Could you repeat all of the entries exactly, leaving out any pictures?
^^^^^^^^^^^^^^^^
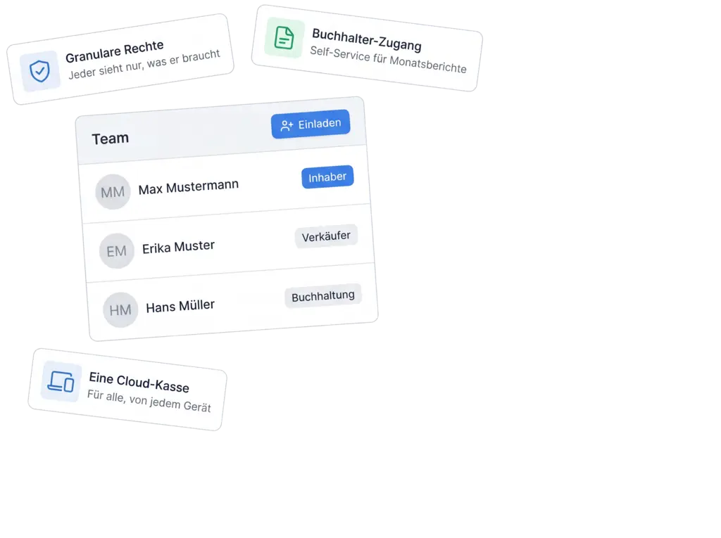 Laden Sie Mitarbeiter, Buchhalter und Partner ein. Weisen Sie Rollen zu, die exakt steuern, wer was sieht und bearbeitet. Jeder arbeitet mit eigener Identität, Sie behalten den Überblick.
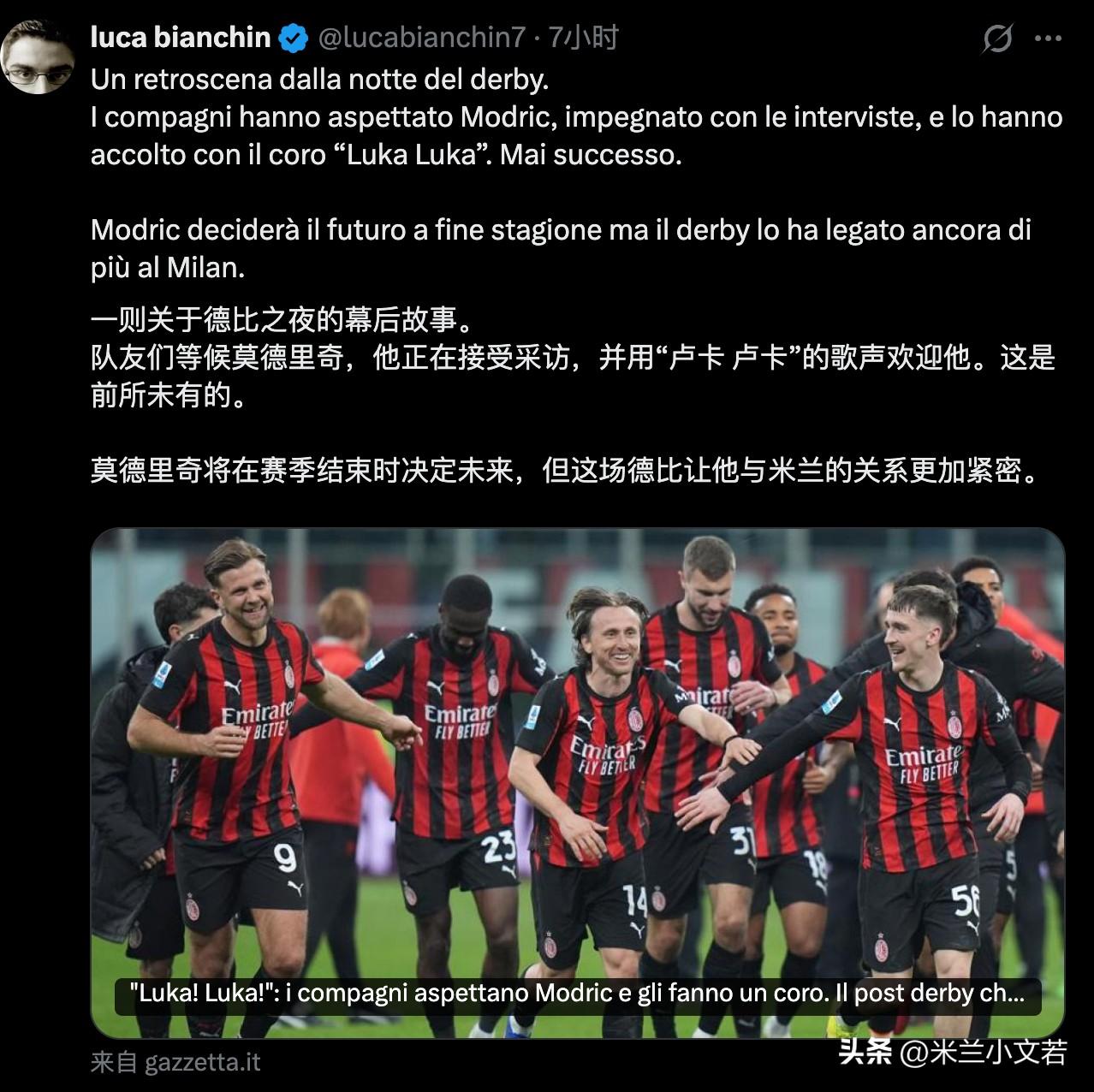 莫德里奇在米兰球员中威望无人能及!米兰德比之战结束后,所有球员都在更衣室等待莫德里奇到来,莫德里奇来到更衣室后,队员才开始庆祝德比胜利。 之前有消息说皇家马德里俱乐部本赛季之所以更衣室山头林立就是因为莫德里奇离开,莫德里奇离开后皇家马德里俱乐部没有人可以像莫德里奇那样以德服人,各个山头话事人彼此都不服气,所以皇家马德里俱乐部内耗严重下才会出现问题,龙哥就是背锅的,如果莫德里奇还在皇家马德里也许龙哥在皇家马德里俱乐部会是不同的结果。 尊重永远不是停留在口头上,而是行动上,大家如果不是内心对莫德里奇充满敬意,大家不可能不约而同选择等待莫德里奇,有这样的行为就说明了大家对莫德里奇的尊重是由内而外的。比如我们董事长,他每次开会时候我们都表示董事长高瞻远瞩,但大家眼睛看的都是董事长秘书,意思显而易见,我们没拿我们董事长当人。
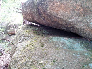 | Google Maps:20扇岩 扇岩 ナマズ石のもとあった所のすぐ上の稜線に、扇を少し開いたような巨岩がある。(詳細 第1部1章参照) この岩は聖なる岩「磐座」の可能性がある。 場所:道畦谷北尾根 弁天岩への分岐点を少し登ったところに、この岩に至る小道がある。分岐からすぐ。 |
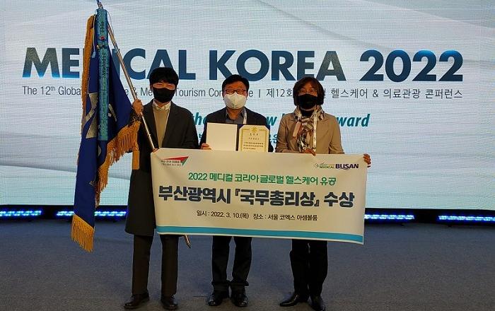 부산시는 지난 10일 열린 보건복지부 주관 ‘2022 메디컬 코리아 글로벌 헬스케어 유공 시상식’에서 국무총리 표창을 받았다고 밝혔다. 글로벌 헬스케어 유공 시상은 올해 메디컬 코리아 행사와 연계하여 진행됐고, 매년 보건복지부에서 외국인 환자 유치사업의 추진 활동
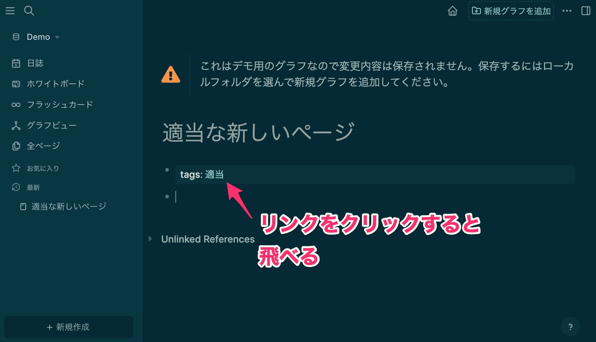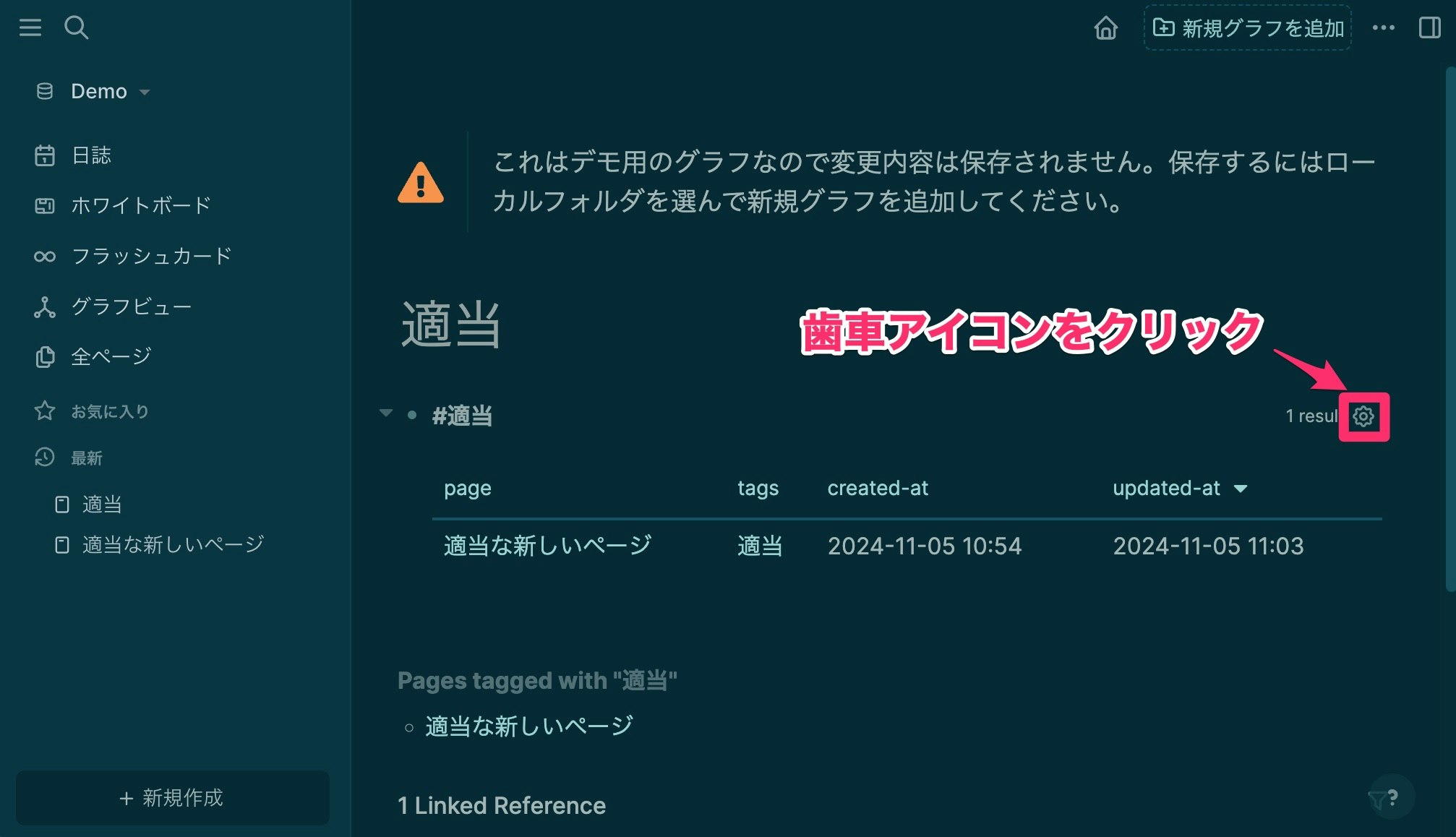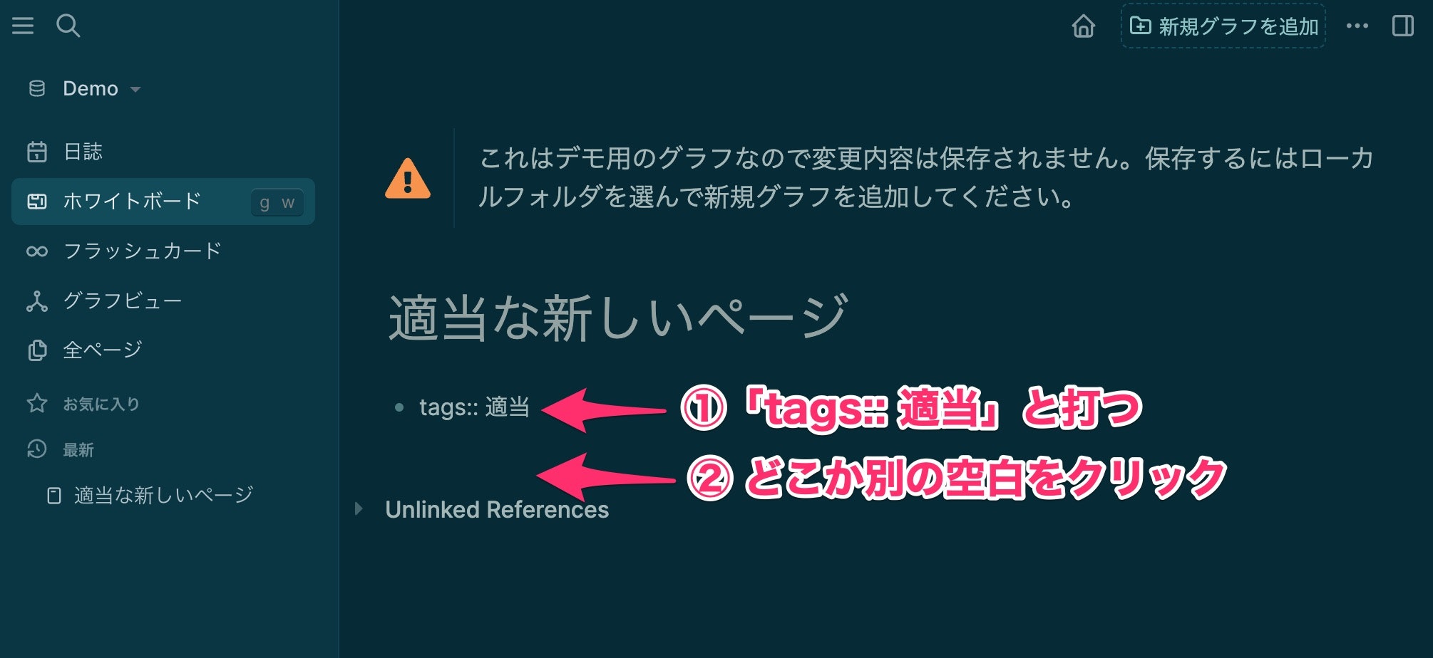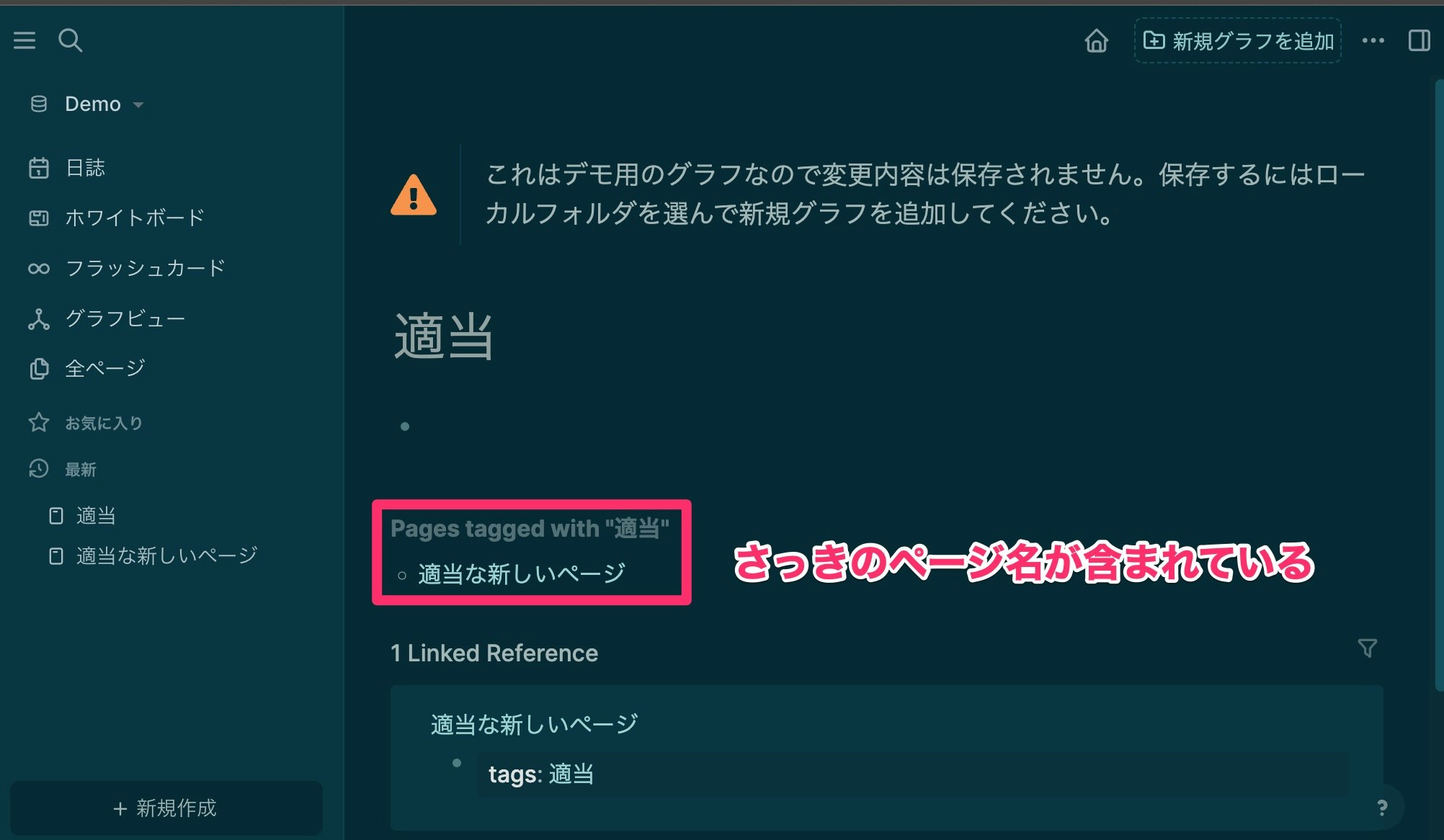 ページの最初の段落に、tags:: 適当と打ちます。(半角スペースを忘れずに!)
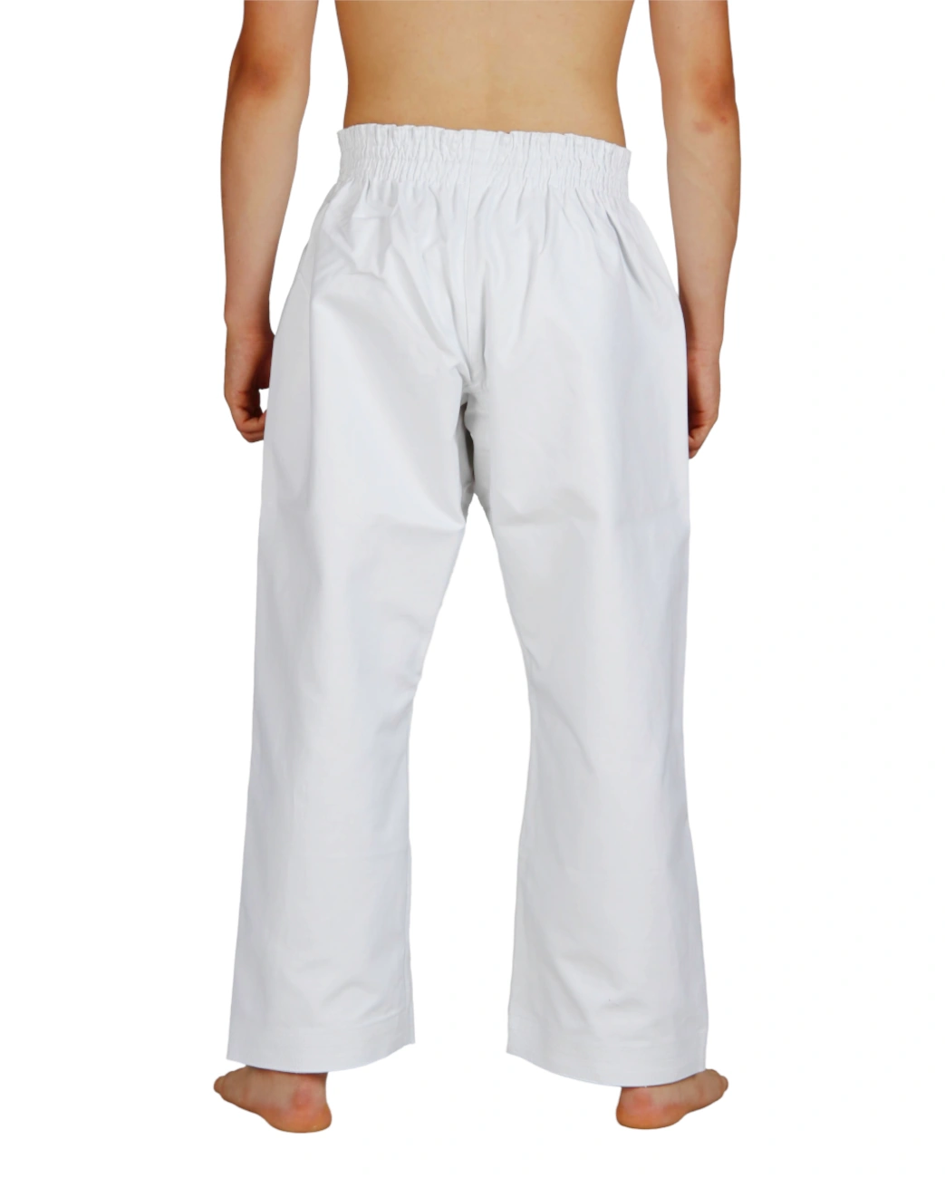 Il pantalone da karate con taglio tradizionale, in 100% cotone pesante, combina robustezza e comfort. Dotato di elastico rinforzato e bordo inferiore con 12 cuciture. Per allenamenti e competizioni.
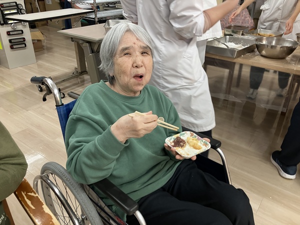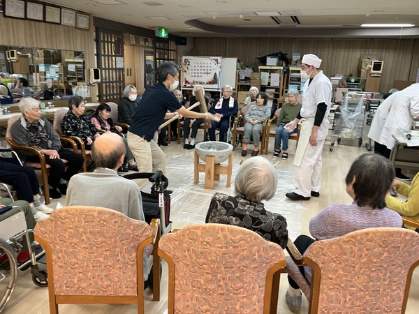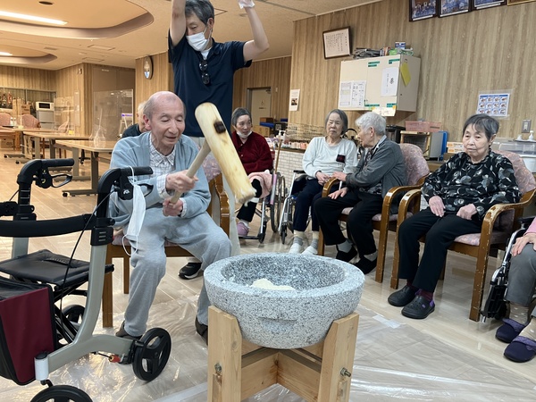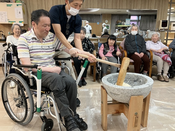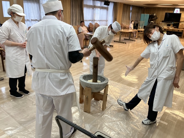 毎年恒例の餅つき、今年もやらせていただきました。ファミリーマイホームのお正月には、お餅が入ったお雑煮を用意させていただいております。そうは言っても、お餅は喉を詰まらせる危険性が高いことは十分理解しております。しかし、利用者様はお餅が大好きなのです!そこで、ファミリーマイホームの栄養課の皆さんが、研究を重ねた結果編み出したのが、「のどごしのよいお餅」です。お餅の純白さともち米の風味を残しつつ、しっかりと歯で噛みきれ、のどごしの良さを兼ね揃えた「まさに高齢者向けのお餅」なのです。そのお餅のレシピの詳細を紹介することはできませんが、そのポイントとなるのは長芋です。長芋をとろろ状にして蒸したもち米に入れ一緒に搗くことで、絶妙なのどごしが生まれます。以前は蒸したじゃがいもを混ぜ合わせておりましたが、できあがったお餅の色が若干黄ばんでしまい、また芋の風味が混ざってしまうという結果になってしまいました。そこから改良を重ねてたどり着いたファミリーマイホームのお餅を、元旦にも利用者様と一緒に安全に食したいと思います。元旦の昼食時のお雑煮を楽しみにしていてくださいね!
^^^^^^^^^^^^^^^^
◆ **TASK SOLUTION**
 Laden Sie Mitarbeiter, Buchhalter und Partner ein. Weisen Sie Rollen zu, die exakt steuern, wer was sieht und bearbeitet. Jeder arbeitet mit eigener Identität, Sie behalten den Überblick.
 莫德里奇在米兰球员中威望无人能及!米兰德比之战结束后,所有球员都在更衣室等待莫德里奇到来,莫德里奇来到更衣室后,队员才开始庆祝德比胜利。 之前有消息说皇家马德里俱乐部本赛季之所以更衣室山头林立就是因为莫德里奇离开,莫德里奇离开后皇家马德里俱乐部没有人可以像莫德里奇那样以德服人,各个山头话事人彼此都不服气,所以皇家马德里俱乐部内耗严重下才会出现问题,龙哥就是背锅的,如果莫德里奇还在皇家马德里也许龙哥在皇家马德里俱乐部会是不同的结果。 尊重永远不是停留在口头上,而是行动上,大家如果不是内心对莫德里奇充满敬意,大家不可能不约而同选择等待莫德里奇,有这样的行为就说明了大家对莫德里奇的尊重是由内而外的。比如我们董事长,他每次开会时候我们都表示董事长高瞻远瞩,但大家眼睛看的都是董事长秘书,意思显而易见,我们没拿我们董事长当人。
 | Google Maps:20扇岩 扇岩 ナマズ石のもとあった所のすぐ上の稜線に、扇を少し開いたような巨岩がある。(詳細 第1部1章参照) この岩は聖なる岩「磐座」の可能性がある。 場所:道畦谷北尾根 弁天岩への分岐点を少し登ったところに、この岩に至る小道がある。分岐からすぐ。 |
 부산시는 지난 10일 열린 보건복지부 주관 ‘2022 메디컬 코리아 글로벌 헬스케어 유공 시상식’에서 국무총리 표창을 받았다고 밝혔다. 글로벌 헬스케어 유공 시상은 올해 메디컬 코리아 행사와 연계하여 진행됐고, 매년 보건복지부에서 외국인 환자 유치사업의 추진 활동
 ページの最初の段落に、tags:: 適当と打ちます。(半角スペースを忘れずに!)
 Il pantalone da karate con taglio tradizionale, in 100% cotone pesante, combina robustezza e comfort. Dotato di elastico rinforzato e bordo inferiore con 12 cuciture. Per allenamenti e competizioni.
 毎年恒例の餅つき、今年もやらせていただきました。ファミリーマイホームのお正月には、お餅が入ったお雑煮を用意させていただいております。そうは言っても、お餅は喉を詰まらせる危険性が高いことは十分理解しております。しかし、利用者様はお餅が大好きなのです!そこで、ファミリーマイホームの栄養課の皆さんが、研究を重ねた結果編み出したのが、「のどごしのよいお餅」です。お餅の純白さともち米の風味を残しつつ、しっかりと歯で噛みきれ、のどごしの良さを兼ね揃えた「まさに高齢者向けのお餅」なのです。そのお餅のレシピの詳細を紹介することはできませんが、そのポイントとなるのは長芋です。長芋をとろろ状にして蒸したもち米に入れ一緒に搗くことで、絶妙なのどごしが生まれます。以前は蒸したじゃがいもを混ぜ合わせておりましたが、できあがったお餅の色が若干黄ばんでしまい、また芋の風味が混ざってしまうという結果になってしまいました。そこから改良を重ねてたどり着いたファミリーマイホームのお餅を、元旦にも利用者様と一緒に安全に食したいと思います。元旦の昼食時のお雑煮を楽しみにしていてくださいね!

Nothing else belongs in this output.